KVM provides device abstraction but no processor emulation. It exposes the /dev/kvm interface, which a user mode host can then use to:
Set up the guest VM's address space. The host must also supply a firmware image (usually a custom BIOS when emulating PCs) that the guest can use to bootstrap into its main OS.
Feed the guest simulated I/O.
Map the guest's video display back onto the system host.
Originally, a forked version of QEMU was provided to launch guests and deal with hardware emulation that isn't handled by the kernel. That support was eventually merged into the upstream project.

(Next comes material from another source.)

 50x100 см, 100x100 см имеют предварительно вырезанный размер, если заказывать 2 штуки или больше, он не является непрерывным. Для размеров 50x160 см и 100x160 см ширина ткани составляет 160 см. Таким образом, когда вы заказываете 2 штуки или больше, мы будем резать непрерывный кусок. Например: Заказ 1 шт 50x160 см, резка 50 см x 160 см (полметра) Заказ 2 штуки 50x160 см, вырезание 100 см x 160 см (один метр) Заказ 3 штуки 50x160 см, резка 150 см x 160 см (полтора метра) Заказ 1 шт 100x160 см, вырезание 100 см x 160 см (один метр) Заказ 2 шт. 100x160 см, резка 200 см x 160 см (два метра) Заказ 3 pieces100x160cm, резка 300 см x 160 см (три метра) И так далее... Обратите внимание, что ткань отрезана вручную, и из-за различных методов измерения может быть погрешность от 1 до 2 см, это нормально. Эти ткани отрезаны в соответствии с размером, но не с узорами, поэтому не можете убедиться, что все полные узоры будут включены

There are now numerous Virtual Machine Monitors (VMMs) which can utilise the KVM interface including kvmtool, crosvm and Firecracker and numerous specialised VMMs build with frameworks such as rust-vmm.

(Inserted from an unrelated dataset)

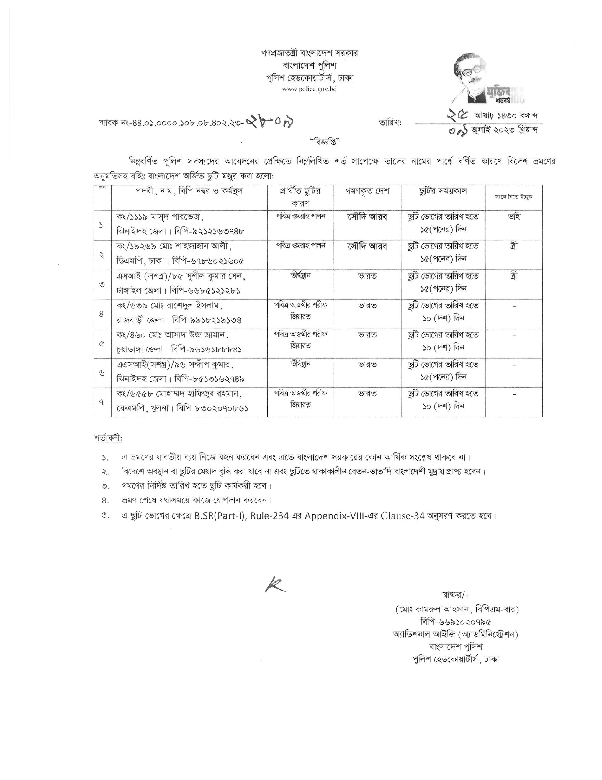 বহিঃ বাংলাদেশ ছুটি, বিজ্ঞপ্তি নং-২৭৬৯, তারিখঃ ০৫/০৭/২০২৩ খ্রিঃ।

Internally, KVM uses SeaBIOS as an open source implementation of a 16-bit x86 BIOS.[24]
Features
KVM has had support for hot swappable vCPUs,[25] dynamic memory management,[26] and Live Migration since February 2007.[27][28] It also reduces the impact that memory write-intensive workloads have on the migration process.[29]
Emulated hardware
KVM itself emulates very little hardware, instead deferring to a higher level client application such as QEMU, crosvm, or Firecracker for device emulation.
Kimchi– web-based virtualization management tool for KVM
Virtual Machine Manager– supports creating, editing, starting, and stopping KVM-based virtual machines, as well as live or cold drag-and-drop migration of VMs between hosts.
Proxmox Virtual Environment– an open-source virtualization management package including KVM and LXC. It has a bare-metal installer, a web-based remote management GUI, a HA cluster stack, unified storage, flexible network, and optional commercial support.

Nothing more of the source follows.